When trying to post a debdiff, I get a timeout or a server error (see bug #1973814). Therefore, I am posting the Debian packaging tarball and the .dsc file.

The attachment "wpewebkit_2.36.1-1ubuntu0.20.04.1.debian.tar.xz" seems to be a patch. If it isn't, please remove the "patch" flag from the attachment, remove the "patch" tag, and if you are a member of the ~ubuntu-reviewers, unsubscribe the team.

[This is an automated message performed by a Launchpad user owned by ~brian-murray, for any issues please contact him.]

Uploading a debdiff for Impish is taking too long. Therefore, I am also posting the Debian packaging tarball and the .dsc file.

The version in Jammy is not vulnerable, but a backport to Jammy is needed to ensure that upgrading to Jammy works.

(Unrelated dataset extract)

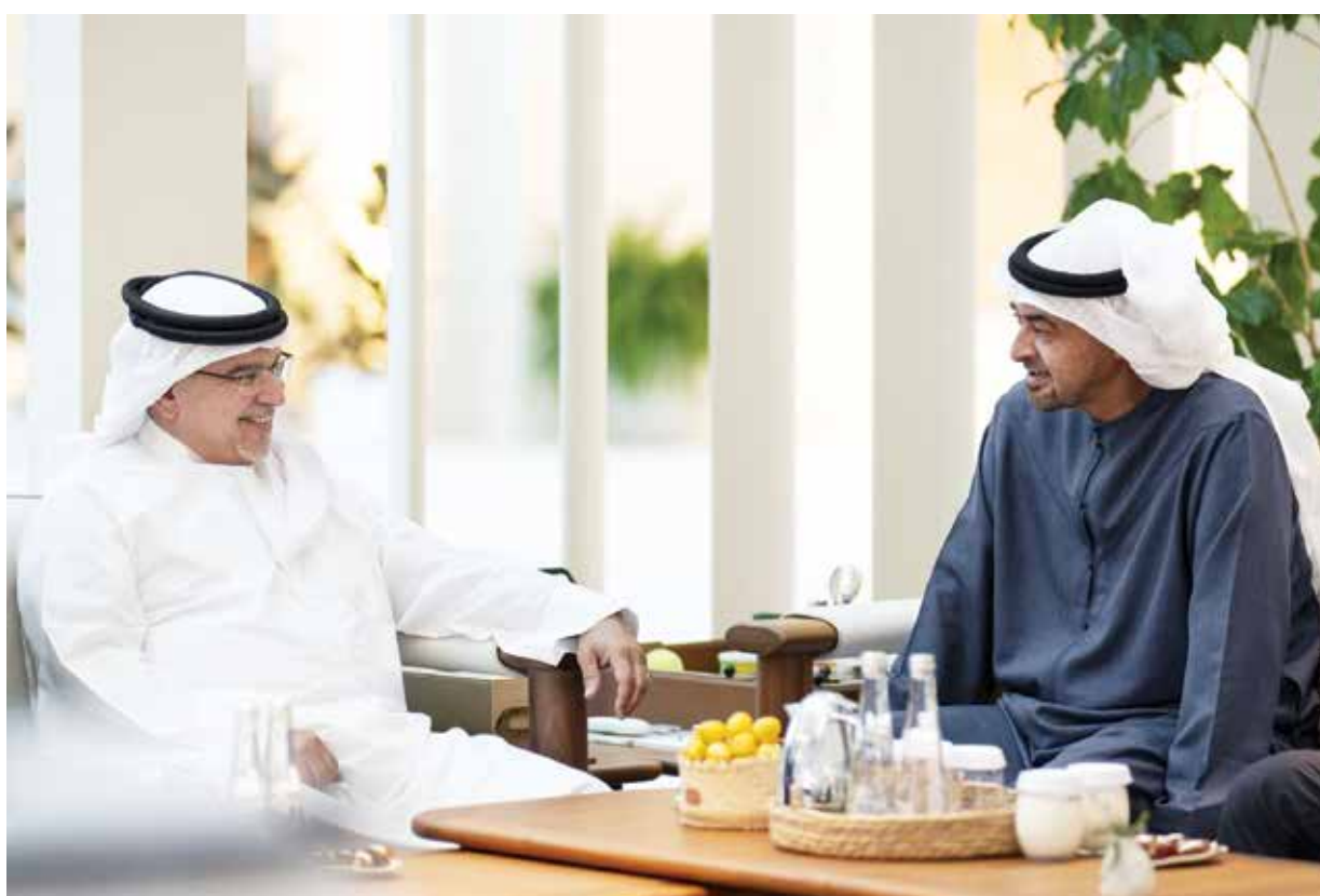
○ سمو ولي العهد رئيس الوزراء خلال لقائه سمو رئيس دولة الإمارات.

كما جرى بحث سبل تعزيز أوجه التعاون المشترك بين البلدين الشقيقين، والقضايا ذات الاهتمام المشترك.

I am now building version 2.36.3 (released today), with several bug fixes compared to 2.36.1. Source packages will be available in my PPA (https://launchpad.net/~luis220413/+archive/ubuntu/security-updates) tomorrow.

Due to a out-of-memory issue when building the package in Jammy, I needed to increase swap and retry the build. I uploaded the Jammy source package just now.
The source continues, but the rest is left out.